*THE DATA*
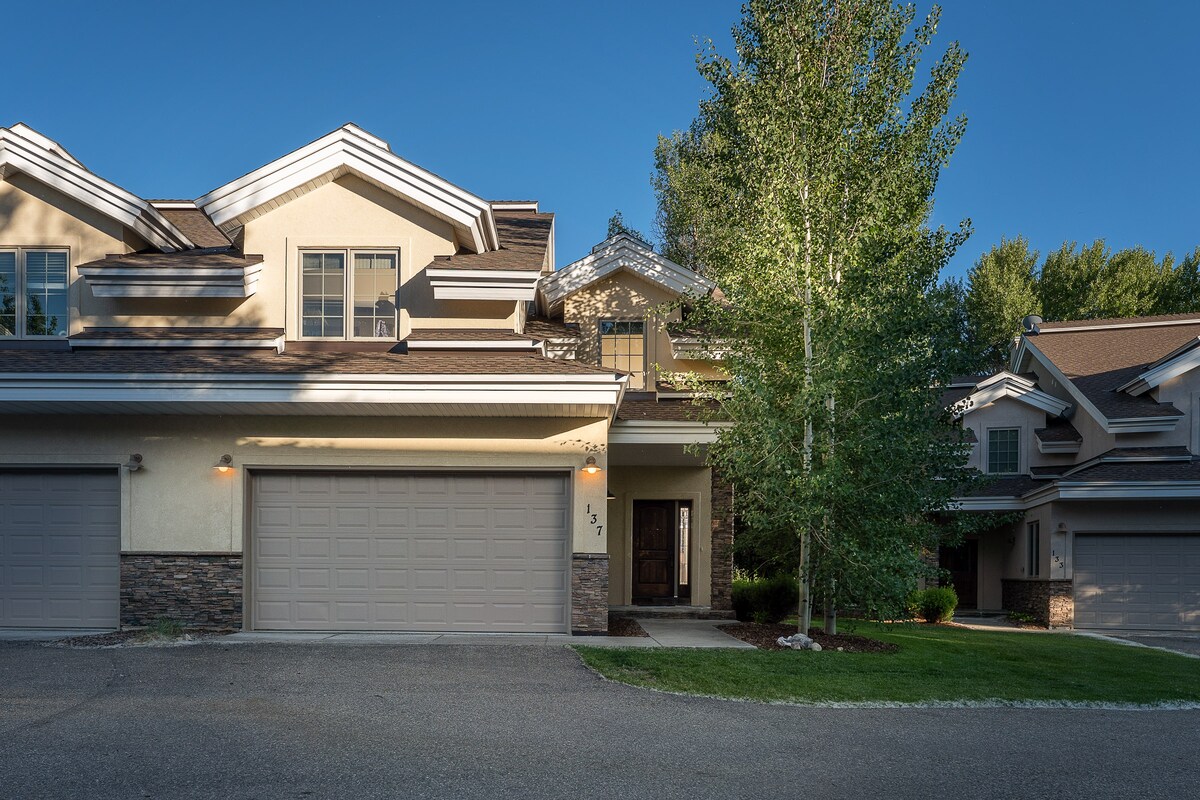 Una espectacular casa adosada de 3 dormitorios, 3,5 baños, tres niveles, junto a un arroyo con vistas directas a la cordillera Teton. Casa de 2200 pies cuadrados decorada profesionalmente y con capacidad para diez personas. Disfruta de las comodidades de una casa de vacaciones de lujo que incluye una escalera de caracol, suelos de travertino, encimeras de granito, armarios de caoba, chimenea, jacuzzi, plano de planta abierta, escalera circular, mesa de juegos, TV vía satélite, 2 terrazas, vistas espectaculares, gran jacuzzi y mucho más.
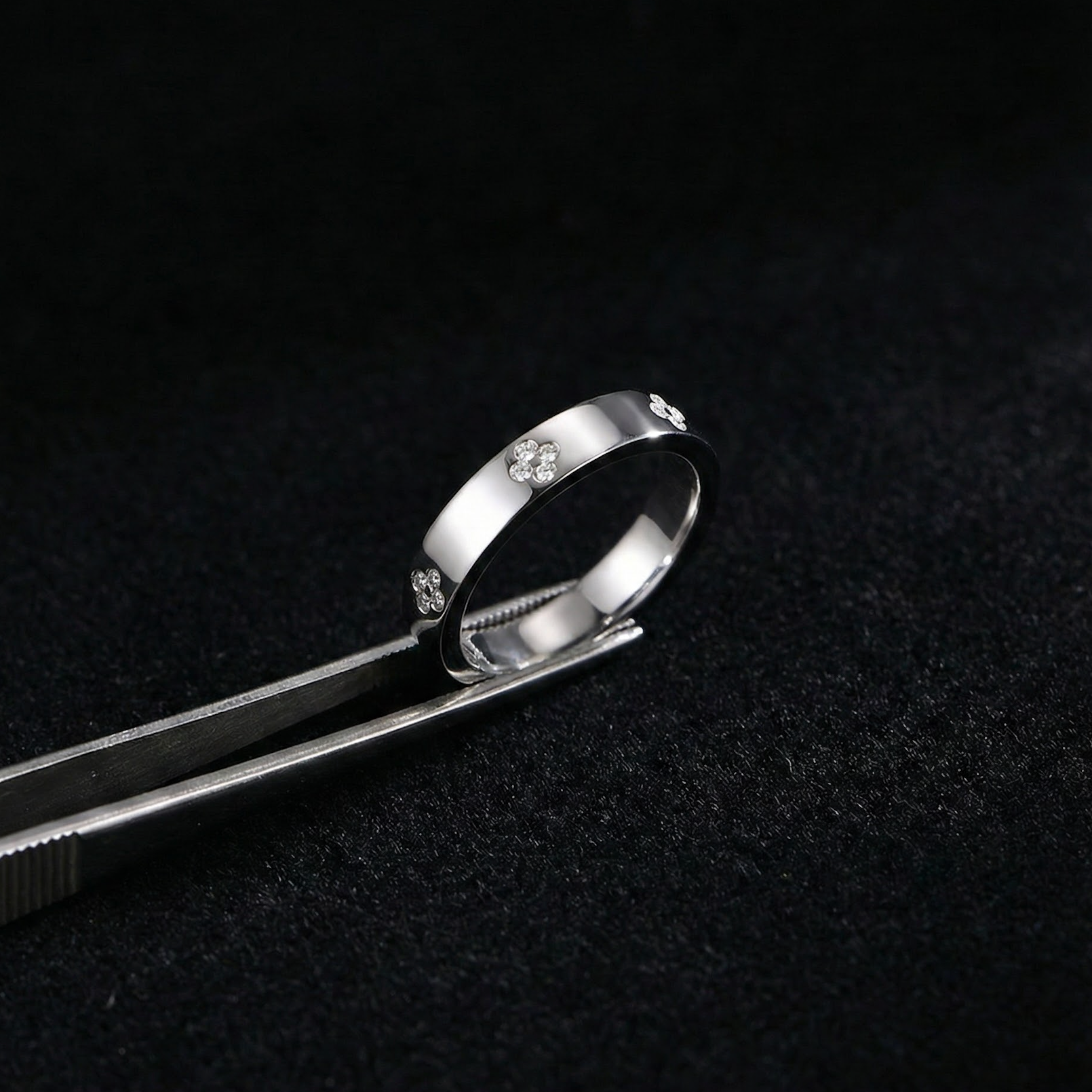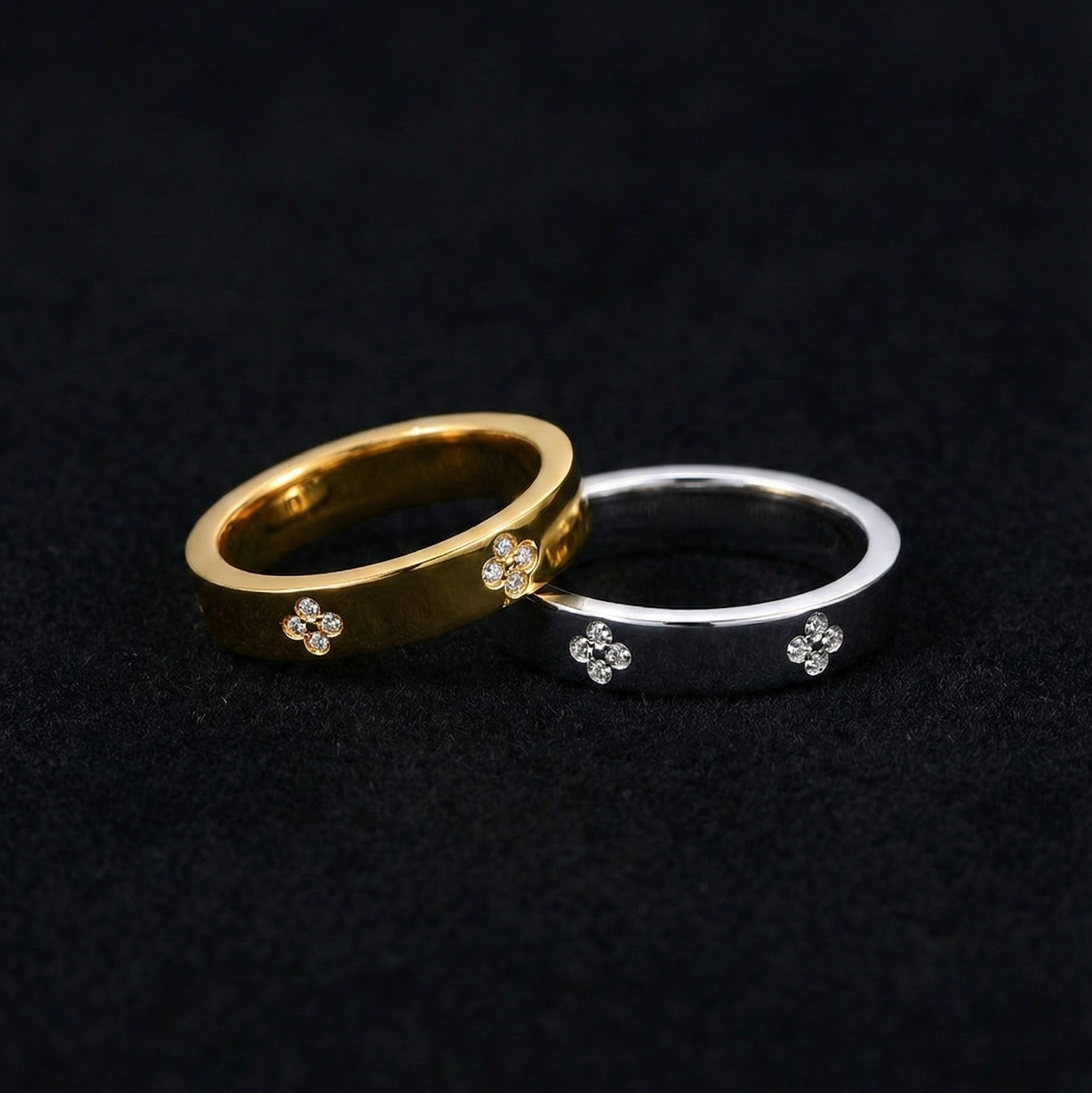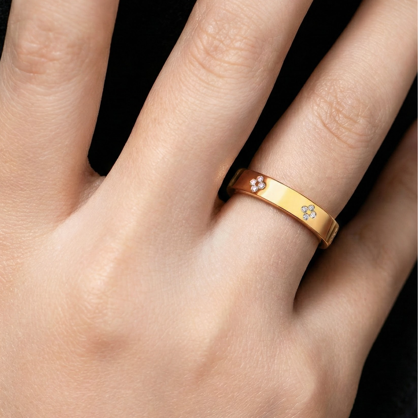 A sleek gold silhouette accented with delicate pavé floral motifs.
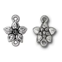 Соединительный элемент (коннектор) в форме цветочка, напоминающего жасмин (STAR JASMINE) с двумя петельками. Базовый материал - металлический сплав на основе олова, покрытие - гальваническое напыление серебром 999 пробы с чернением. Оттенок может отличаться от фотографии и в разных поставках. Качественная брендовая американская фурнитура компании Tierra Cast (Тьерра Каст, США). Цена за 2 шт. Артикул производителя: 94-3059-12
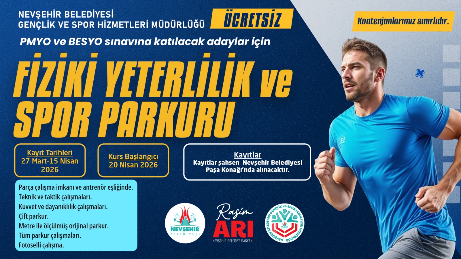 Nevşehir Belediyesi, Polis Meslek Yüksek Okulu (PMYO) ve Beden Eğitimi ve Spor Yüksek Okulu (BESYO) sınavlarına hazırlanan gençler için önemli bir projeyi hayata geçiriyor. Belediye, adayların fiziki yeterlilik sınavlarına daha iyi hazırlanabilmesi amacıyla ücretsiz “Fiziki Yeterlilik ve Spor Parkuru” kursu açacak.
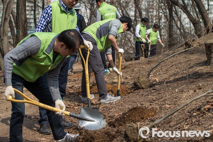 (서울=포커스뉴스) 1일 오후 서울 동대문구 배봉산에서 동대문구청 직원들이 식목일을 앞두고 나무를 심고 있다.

*TASK DETAILS*
Starting with the line that holds "Nevşehir Belediyesi, Polis", retype each line through the last one in the listing above, exactly as written. Do not copy any pictures.

*OUTPUT OF THE TASK*
 Nevşehir Belediyesi, Polis Meslek Yüksek Okulu (PMYO) ve Beden Eğitimi ve Spor Yüksek Okulu (BESYO) sınavlarına hazırlanan gençler için önemli bir projeyi hayata geçiriyor. Belediye, adayların fiziki yeterlilik sınavlarına daha iyi hazırlanabilmesi amacıyla ücretsiz “Fiziki Yeterlilik ve Spor Parkuru” kursu açacak.
 (서울=포커스뉴스) 1일 오후 서울 동대문구 배봉산에서 동대문구청 직원들이 식목일을 앞두고 나무를 심고 있다.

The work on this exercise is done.